As Narendra Modi government is rolling out various initiatives to accelerate growth and ameliorate the standard of living of the 1.2 billion people, Sameer Kochhar’s new book titled Defeating Poverty: Jan Dhan and Beyond should be an eye-opener for policymakers of yesteryears as well as those at the helm right now. While poverty eradication has been a national priority since the day India attained Independence, the country still has about 300 million people surviving on subsistence income. The book analyses what were the shortcomings of various macroeconomic policies of the past six decades—be it government’s expensive welfare schemes or those pertaining to banking and financial inclusion, or even the industrial and agriculture policies—and makes specific recommendations on the way forward. While releasing the book in New Delhi, Minister for Urban Development, Housing & Urban Poverty Alleviation and Parliamentary Affairs, M Venkaiah Naidu, endorsed the author’s view that a multi-pronged strategy was needed to root out poverty. Jan Dhan along with other flagship schemes–Make in India, Smart Cities, Swachh Bharat, Digital India and Skill India, will help in addressing poverty. “Modiji’s aim is to empower all Indians. If you have to eradicate poverty, you have to create wealth.… Whatever development scheme we have, we need to ensure that it is better targeted,” Naidu said. “Stability coupled with ability will bring prosperity.”

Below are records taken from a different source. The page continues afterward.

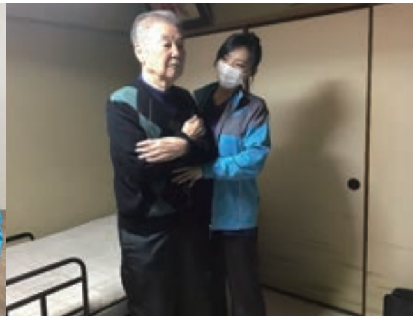
▲自主トレーニング指導
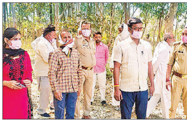
शुक्लापुर गांव में शव निकलवाते नायब तहसीलदार व पुलिस टीम।
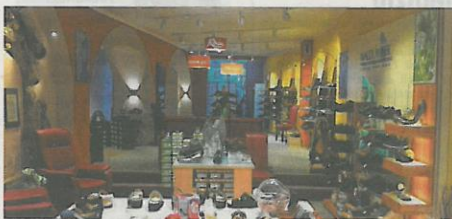
Im Röder Schuhhaus und Orthopädie gibt es modische Schuhe, Schuhe mit herausnehmbarem Fußbett und Schuhe in verschiedenen Weiten für Damen und Herren

Außerdem haben Interessierte auf der Messe „Aktiv mit 50plus“ die Gelegenheit, vom Orthopädie-Schuhmachermeister kostenlos per Scan einen Abdruck ihrer Füße erstellen zu lassen. Dieser wird dann im gemeinsamen Gespräch ausgewertet, und es wird gezeigt, mit welchen Hilfsmitteln man noch lange schmerzfrei stehen und laufen kann. Gerade für diejenigen, die noch sportlich aktiv sind, ist es sinnvoll, durch eine Maßeinlage die Fußgesundheit zu unterstützen und eventuell schon bestehende Beschwerden zu lindern.
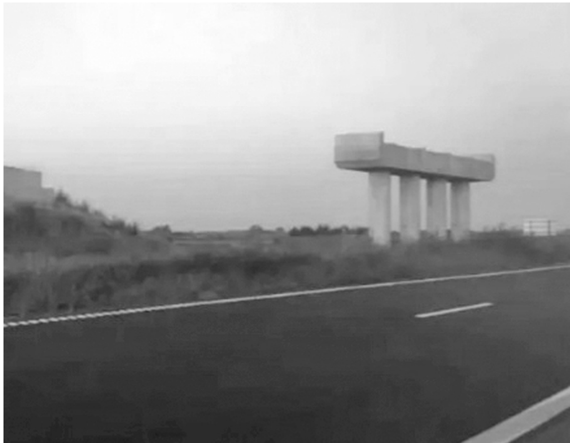
La obra fue paralizada totalmente y los vecinos de Urquiza no tienen respuestas sobre el futuro en esa zona de la Autopista.

En la actualidad, la situación no muestra señales de avance. Los vecinos denuncian que la falta de un distribuidor seguro obliga a realizar desvíos peligrosos y extensos para ingresar o salir de la localidad, generando riesgos viales y dificultades logísticas.
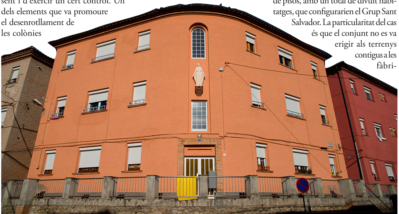
Bloc central del Grup Sant Salvador actualment (2014).

Calia, doncs, oferir a aquesta nova mà d'obra un lloc on viure, i davant d'això Hilaturas Voltregà, S.A. va promoure l'any 1949 la construcció dels tres blocs de pisos, amb un total de divuit habitatges, que configurarien el Grup Sant Salvador. La particularitat del cas és que el conjunt no es va erigir als terrenys contigus a les fàbri-
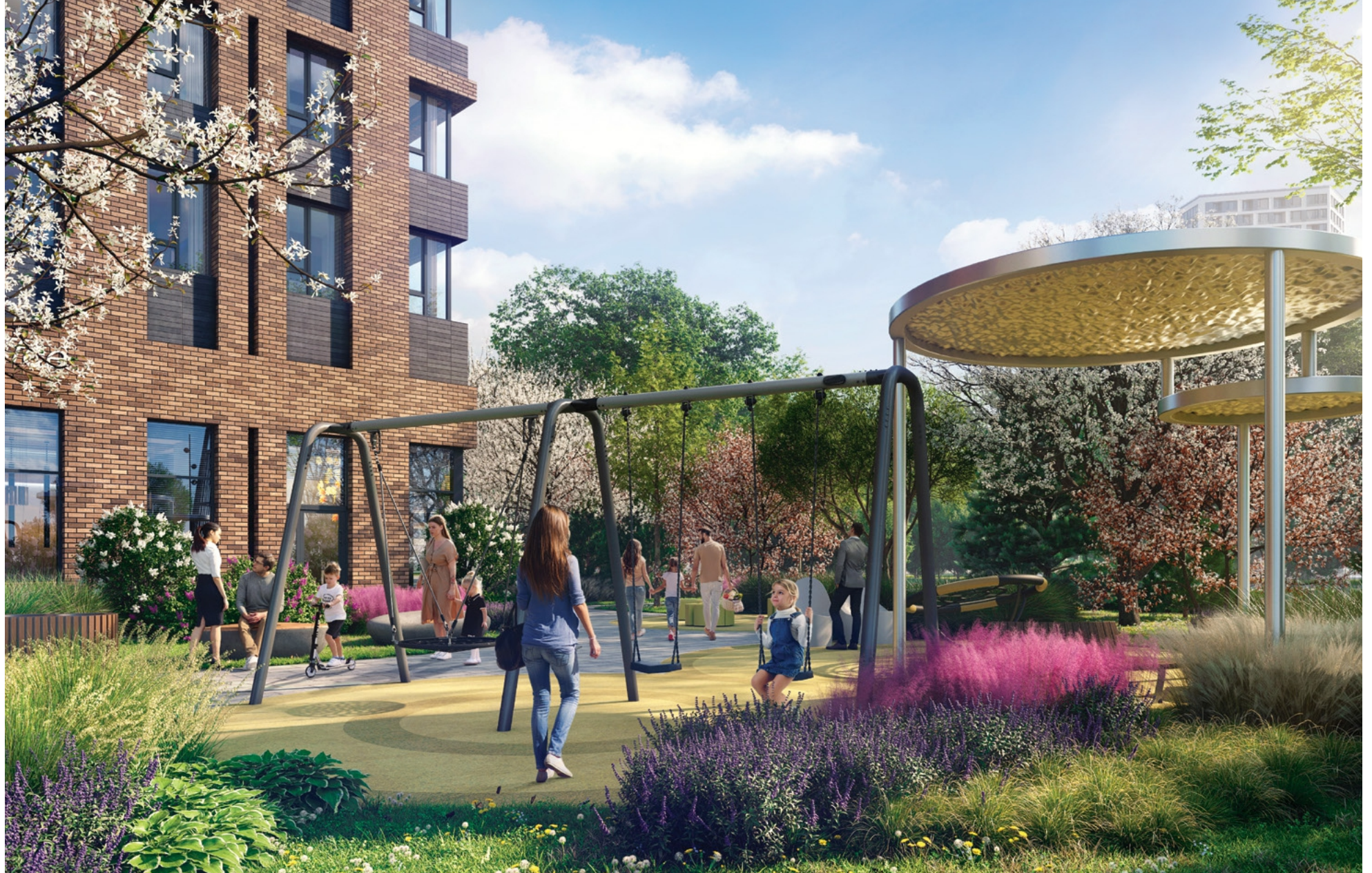
ВИЗУАЛИЗАЦИИ ПРЕДВАРИТЕЛЬНЫЕ, ВОЗМОЖНЫ ИЗМЕНЕНИЯ
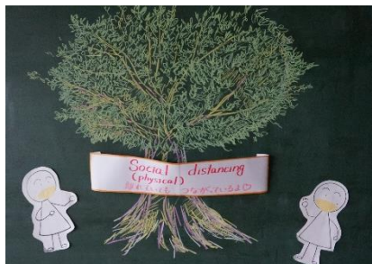
ソーシャルディスタンス
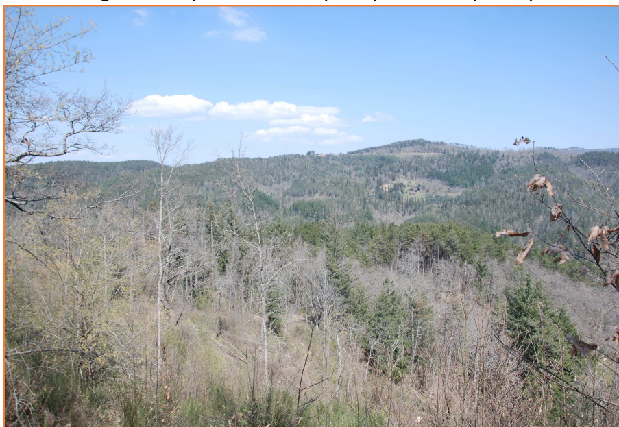
Complesso "Alpe di Poti": I nuclei di conifere dell'area di Scopetone - Valle

I rimboschimenti di conifere caratterizzano il nucleo di Scopetone -Valle e più limitatamente le aree sommitali del Nucleo di Monte Dogana mentre negli altri nuclei le conifere costituiscono solo piccole parcelle sparse all'interno dei soprassuoli di latifoglie su superfici un tempo a pascolo e prato pascolo

While policymakers were targeting to attain the financial inclusion goal in five years, Naidu said the Prime Minister insisted that it should be attained in one year through launch of Jan Dhan in a mission mode. “Within seven weeks, seven crore new bank accounts were opened. Where there is a will, there is a way,” he said referring to the initial success of Jan Dhan. In this context, the book assumes importance as it examines the viability of Jan Dhan in a pragmatic manner and goes on to suggesting solutions.
Yashwant Sinha, former Union Finance Minister, says the book provides “valuable policy insights” on what are the problems that Jan Dhan can confront and how it ought to be addressed. “The book evokes a thought process on how to integrate the three things – social inclusion, financial inclusion and digital inclusion – to address poverty. In the past, these were viewed in isolation and never thought to be a part and parcel of a poverty alleviation programme. When one retrospects on why poverty eradication has fallen short of expectations, one cannot disagree with the author’s views,” says Sinha, also former Chairman of Parliamentary Standing Committee on Finance.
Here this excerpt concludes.